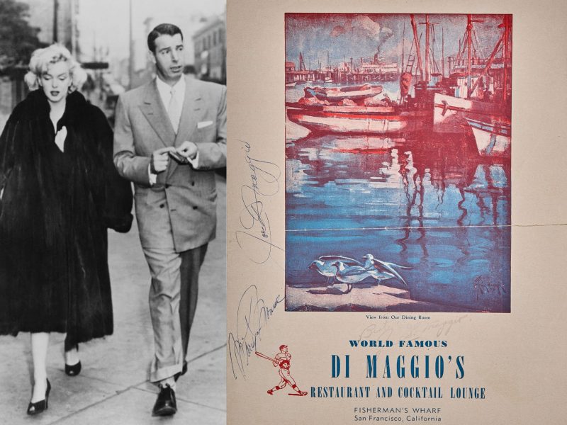 In the early days of their marriage, Marilyn stayed at Joe’s family home in San Francisco. A menu from DiMaggio’s Restaurant on Fisherman’s Wharf, signed by both Marilyn and Joe, sold for $21,420.
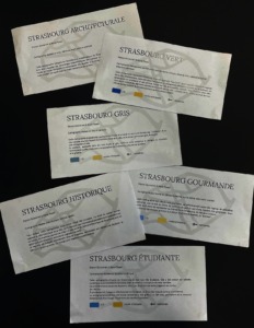 Le but de ce projet est de retranscrire le point de vue des habitants de Strasbourg sur leur ville à travers une série de cartographies sensibles représentant le centre de celle-ci (Grande île). Pour ceci, nous avons récolté différents adjectifs qualifiants Strasbourg et leur avons affilié des matériaux représentatifs de ces derniers.
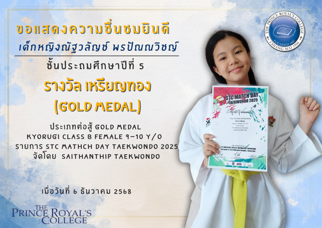 เด็กหญิงณัฐวลัญช์ พรปัณณวิชญ์ รางวัลชนะเลิศ เหรียญทอง ประเภทต่อสู้ Gold Medal Kyorugi Class B Female 9-10 Y/O รายการ STC MATHCH DAY TAEKWONDO 2025
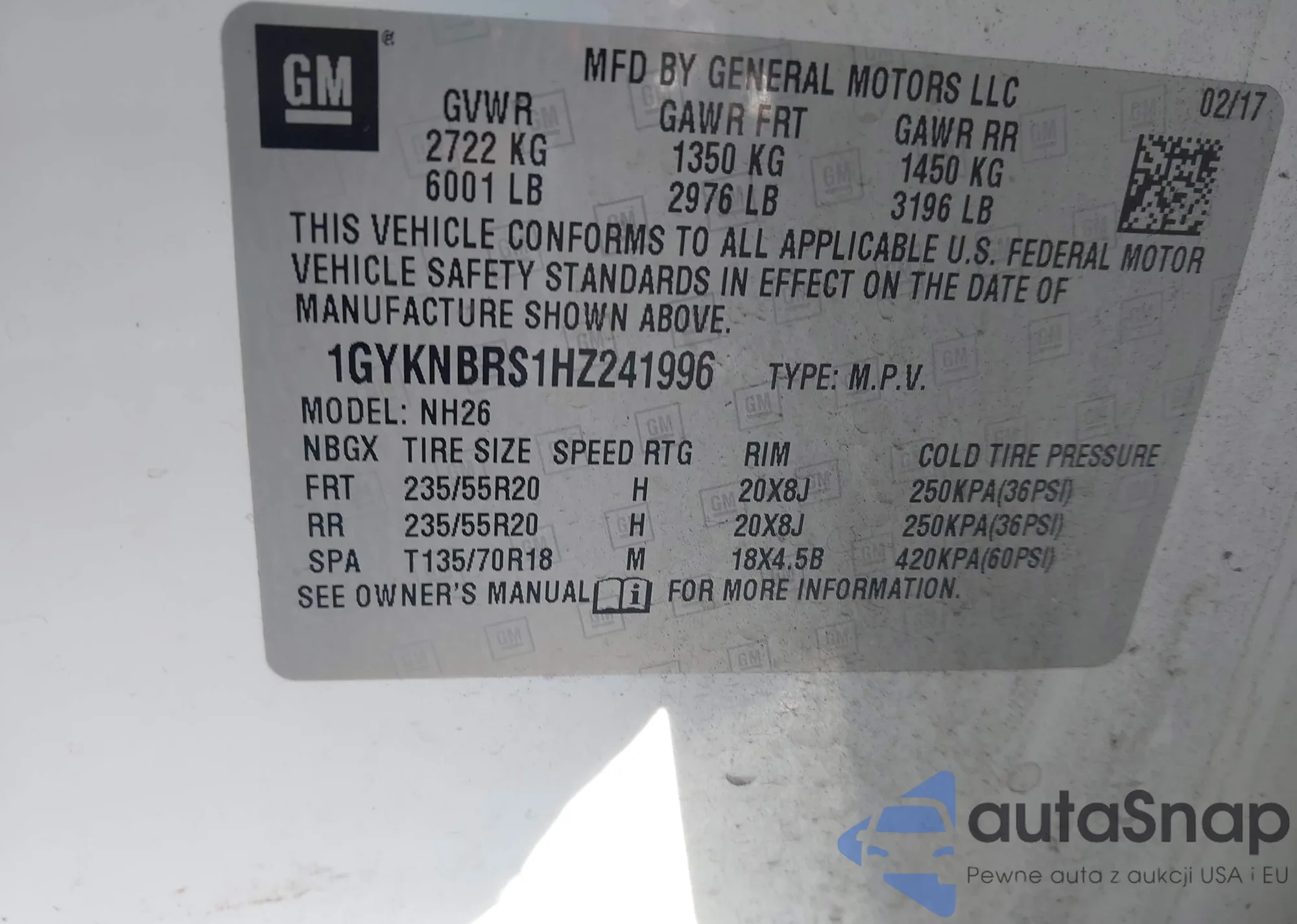 LOT: 44043897 VIN: 1GYKNBRS1HZ241996
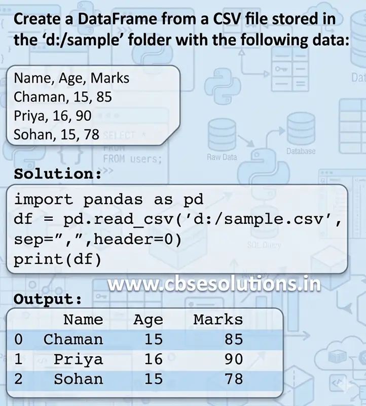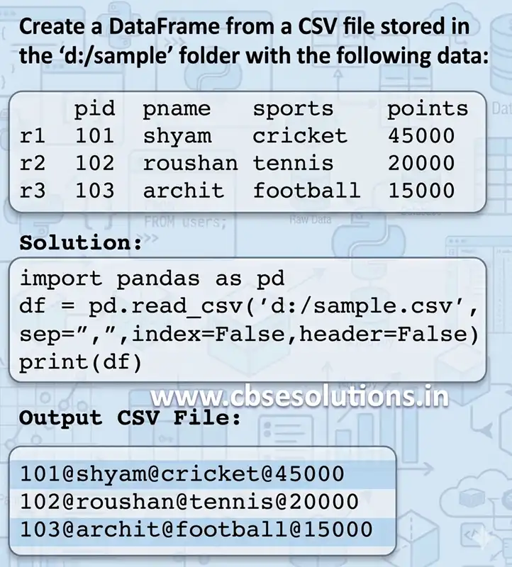 - Pandas provides two main methods to work with CSV files:
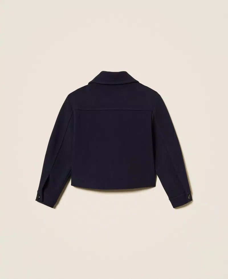 Caban in panno da bambina con tasche applicate davanti con soffietto e bottone logato in metallo. Ha colletto, chiusura con zip in metallo con tirazip logato, maniche lunghe con spalle scese, polsi al fondo con bottoni e asola, fodera, linea dritta.
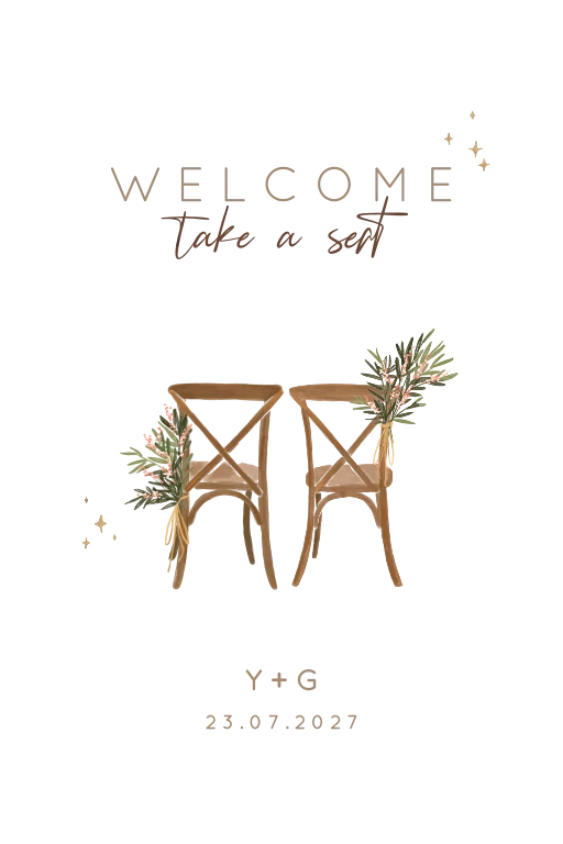 Een welkomstbord in dezelfde stijl als jullie bruiloft, hoe gaaf is dat?
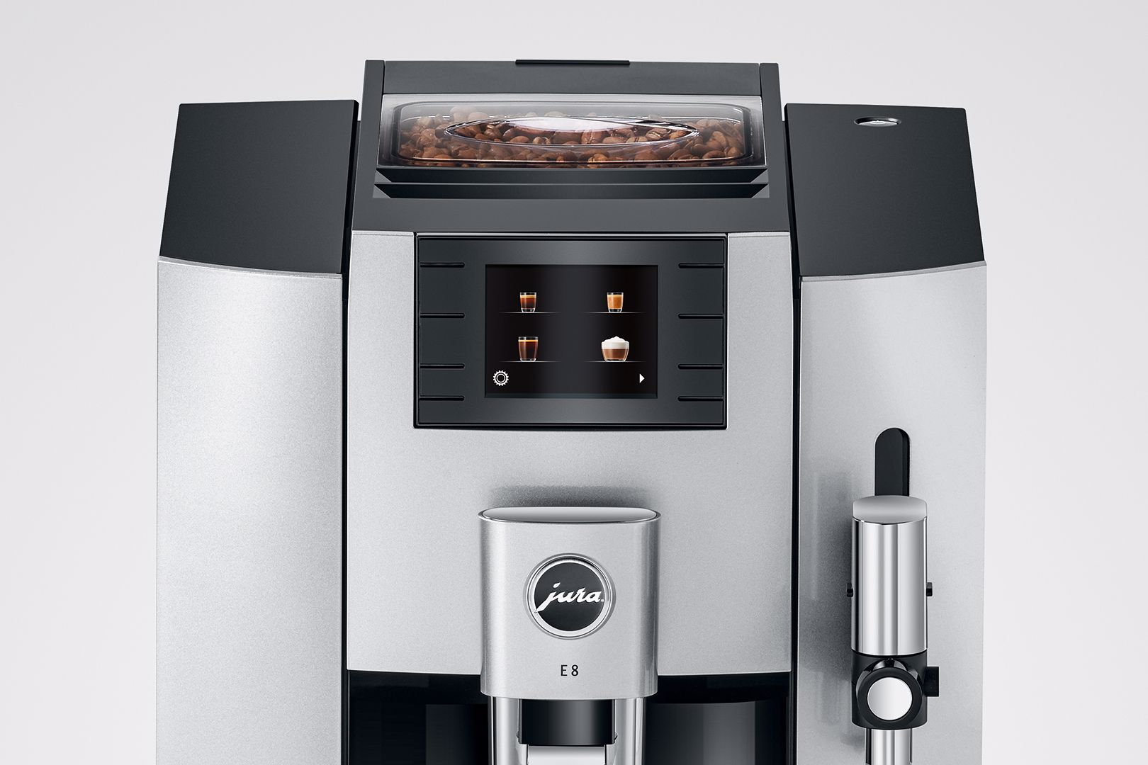 Charakteristický design automatických kávovarů JURA je jasný a výrazný. Vysoce kvalitní materiály a precizní zpracování podtrhují prémiovou kvalitu moderního kávovaru E8. Už jeho tvar je symbolem kvality, funkčnosti a dlouhé životnosti. Detaily jako nádrž na vodu s rýhami nebo vysoce kvalitní, chromovaný podstavec pro šálky dokreslují čistý a harmonický design modelu E8.
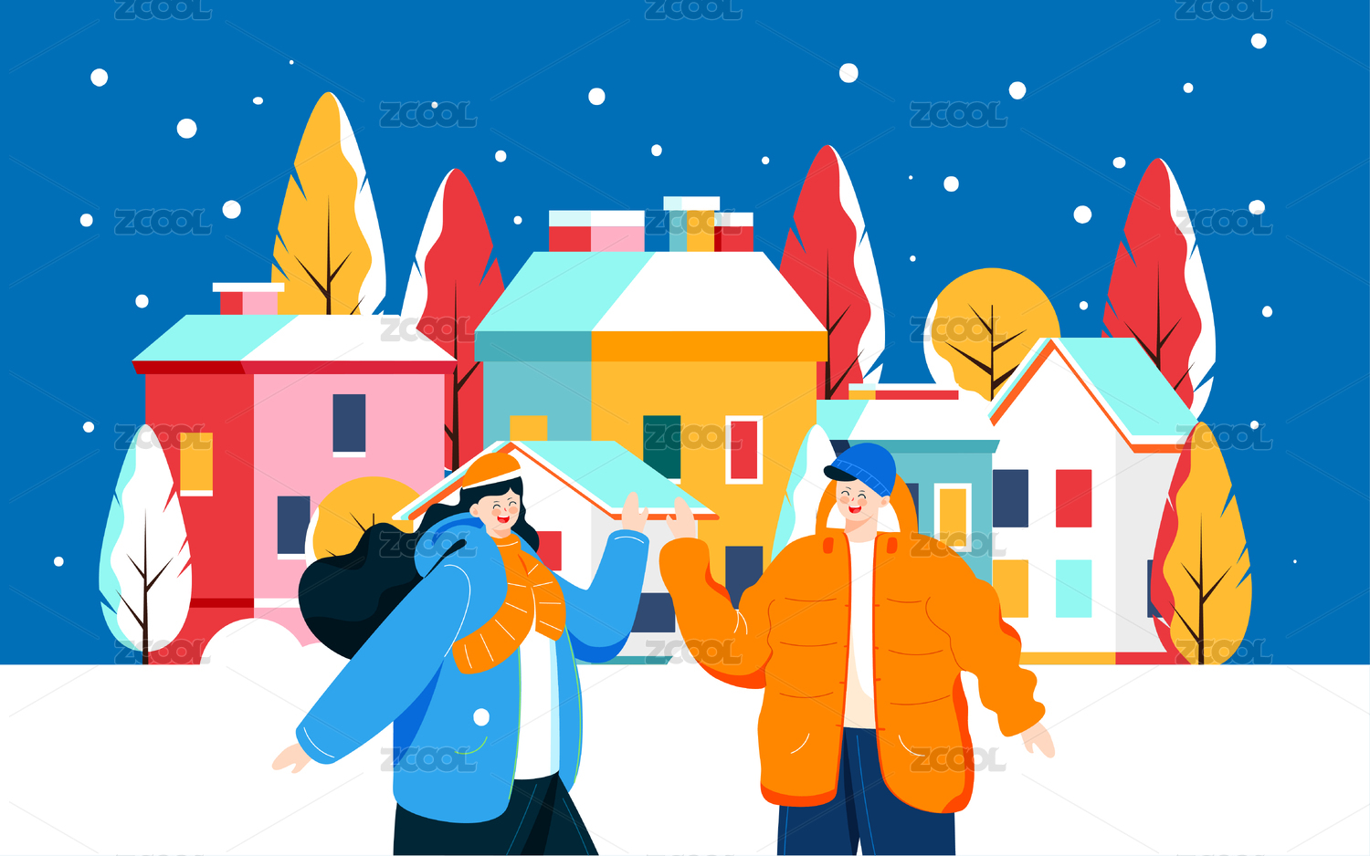 冬季建筑雪景插画冬天人物城市道路户外海报

------------------------------------------------------------

WHAT THE TASK ASKS
Reproduce every record in full. Leave out the images.

RESPONSE AREA
 In the early days of their marriage, Marilyn stayed at Joe’s family home in San Francisco. A menu from DiMaggio’s Restaurant on Fisherman’s Wharf, signed by both Marilyn and Joe, sold for $21,420.
 Le but de ce projet est de retranscrire le point de vue des habitants de Strasbourg sur leur ville à travers une série de cartographies sensibles représentant le centre de celle-ci (Grande île). Pour ceci, nous avons récolté différents adjectifs qualifiants Strasbourg et leur avons affilié des matériaux représentatifs de ces derniers.
 เด็กหญิงณัฐวลัญช์ พรปัณณวิชญ์ รางวัลชนะเลิศ เหรียญทอง ประเภทต่อสู้ Gold Medal Kyorugi Class B Female 9-10 Y/O รายการ STC MATHCH DAY TAEKWONDO 2025
 LOT: 44043897 VIN: 1GYKNBRS1HZ241996
 - Pandas provides two main methods to work with CSV files:
 Caban in panno da bambina con tasche applicate davanti con soffietto e bottone logato in metallo. Ha colletto, chiusura con zip in metallo con tirazip logato, maniche lunghe con spalle scese, polsi al fondo con bottoni e asola, fodera, linea dritta.
 Een welkomstbord in dezelfde stijl als jullie bruiloft, hoe gaaf is dat?
 Charakteristický design automatických kávovarů JURA je jasný a výrazný. Vysoce kvalitní materiály a precizní zpracování podtrhují prémiovou kvalitu moderního kávovaru E8. Už jeho tvar je symbolem kvality, funkčnosti a dlouhé životnosti. Detaily jako nádrž na vodu s rýhami nebo vysoce kvalitní, chromovaný podstavec pro šálky dokreslují čistý a harmonický design modelu E8.
 冬季建筑雪景插画冬天人物城市道路户外海报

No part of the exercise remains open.